动物造模,心脏肥大,异丙肾上腺素 z-bio 2021-02-19 308

　　Objective: To find important biomarkers through serum metabolomics to study the cause of myocardial hypertrophy in rats.

　　Method: The rat cardiac hypertrophy model was established by intraperitoneal injection of 30 mg/(kg·D) isoproterenol for 30 consecutive days. The cardiac mass index was used to evaluate the rat cardiac hypertrophy model. Ultra performance liquid chromatography detects the endogenous metabolites of quadrupole time-of-flight mass spectrometry in rat serum, uses MPP software and the human metabolome database (HMDB) database to analyze the differences of biotransformants, and uses MetaboAnalyst 4.0 to determine biomarkers And analyze metabolic pathways.

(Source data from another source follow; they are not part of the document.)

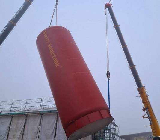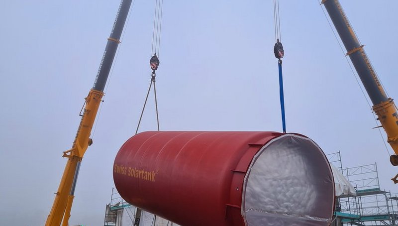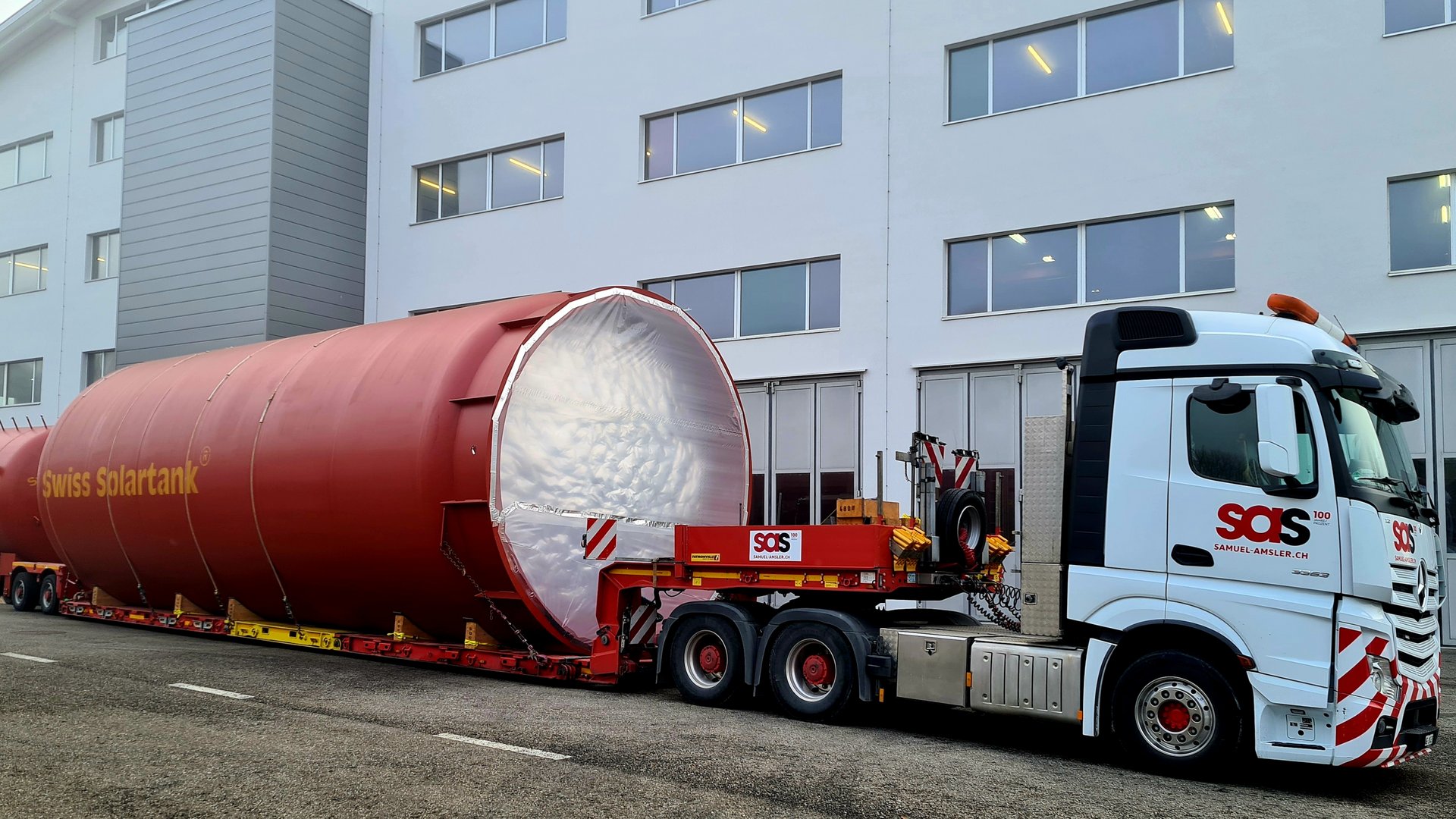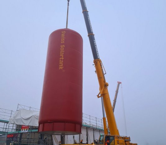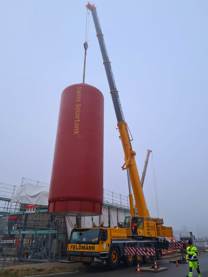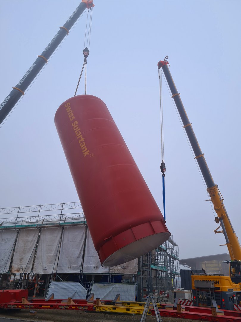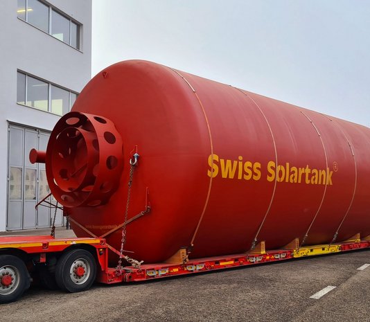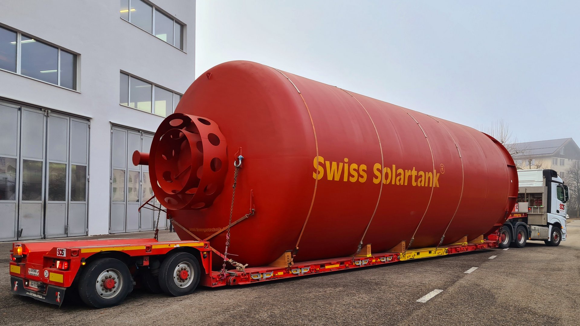 Mit 220'300 Liter Fassungsvermögen und 15'370 kWh Energieinhalt konnte Jenni Energietechnik AG diese Woche mit einer Nachtfahrt den drittgrössten bisher produzierten Speicher nach Eglisau liefern.
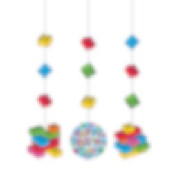 3 st. hängande dekorationer med byggkloss-motiv från temat Block Party. Perfekta att dekorera med till kalaset. Förpackningen innehåller 3 dekorationer av papp som 81 cm långa, med motiv som är 18 cm i diameter.
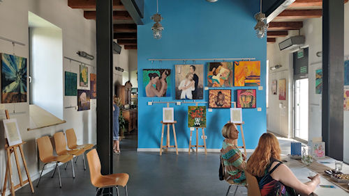 Przedstawiane obrazy oglądaliśmy na wystawie prac artystki w centrum sztuki w Brzeźnicy.

　　Result: Intraperitoneal injection of isoproterenol can induce cardiac hypertrophy in rats. There are significant differences between the serum biotransformants between the cardiac hypertrophy model group and the normal group, and a total of 10 potential biomarkers have been identified. Compared with the normal group, Sphingosine-1-phosphate and Dihomo-γ-linolenic acid in the cardiac hypertrophy model group were significantly down-regulated, among which D-fructose-1,6-diphosphate, deoxyadenosine and N.-acetylmethionine Acid, phytosphingosine, allantoin, 3-keto-β-D-galactose, octane number and glycerol were all significantly up-regulated.

　　 Conclusion: Isoprene-induced cardiac hypertrophy includes metabolic pathways, such as sphingolipid metabolism, glycerolipid metabolism, galactose metabolism, unsaturated fatty acid biosynthesis and purine metabolism. This study provides a reference for revealing the changes in circulating blood metabolism in cardiac hypertrophy induced by isoproterenol.